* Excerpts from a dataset
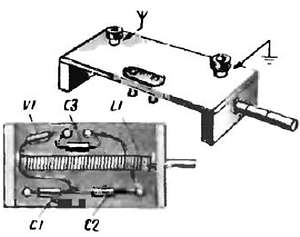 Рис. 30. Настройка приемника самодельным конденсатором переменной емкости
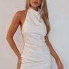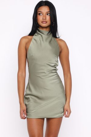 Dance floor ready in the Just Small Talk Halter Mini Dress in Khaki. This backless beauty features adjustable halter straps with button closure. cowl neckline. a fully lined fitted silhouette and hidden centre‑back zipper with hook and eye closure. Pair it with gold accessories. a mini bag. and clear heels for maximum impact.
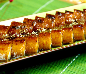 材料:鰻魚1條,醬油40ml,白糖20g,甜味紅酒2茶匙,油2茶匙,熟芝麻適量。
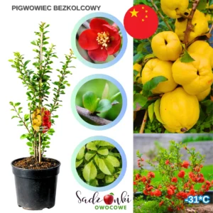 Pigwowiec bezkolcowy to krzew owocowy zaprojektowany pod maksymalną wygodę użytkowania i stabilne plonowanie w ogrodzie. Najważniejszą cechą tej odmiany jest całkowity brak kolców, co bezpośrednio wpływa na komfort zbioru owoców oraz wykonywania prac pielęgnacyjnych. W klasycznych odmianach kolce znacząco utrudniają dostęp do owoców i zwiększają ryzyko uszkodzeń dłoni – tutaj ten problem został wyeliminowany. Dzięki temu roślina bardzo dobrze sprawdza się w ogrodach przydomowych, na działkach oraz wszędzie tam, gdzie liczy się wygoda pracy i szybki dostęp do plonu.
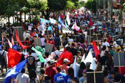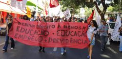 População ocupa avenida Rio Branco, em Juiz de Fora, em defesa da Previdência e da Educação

* TO DO
Retype all of the entries exactly as written, leaving out any images.

* RESPONSE
 Рис. 30. Настройка приемника самодельным конденсатором переменной емкости
 Dance floor ready in the Just Small Talk Halter Mini Dress in Khaki. This backless beauty features adjustable halter straps with button closure. cowl neckline. a fully lined fitted silhouette and hidden centre‑back zipper with hook and eye closure. Pair it with gold accessories. a mini bag. and clear heels for maximum impact.
 材料:鰻魚1條,醬油40ml,白糖20g,甜味紅酒2茶匙,油2茶匙,熟芝麻適量。
 Pigwowiec bezkolcowy to krzew owocowy zaprojektowany pod maksymalną wygodę użytkowania i stabilne plonowanie w ogrodzie. Najważniejszą cechą tej odmiany jest całkowity brak kolców, co bezpośrednio wpływa na komfort zbioru owoców oraz wykonywania prac pielęgnacyjnych. W klasycznych odmianach kolce znacząco utrudniają dostęp do owoców i zwiększają ryzyko uszkodzeń dłoni – tutaj ten problem został wyeliminowany. Dzięki temu roślina bardzo dobrze sprawdza się w ogrodach przydomowych, na działkach oraz wszędzie tam, gdzie liczy się wygoda pracy i szybki dostęp do plonu.
 População ocupa avenida Rio Branco, em Juiz de Fora, em defesa da Previdência e da Educação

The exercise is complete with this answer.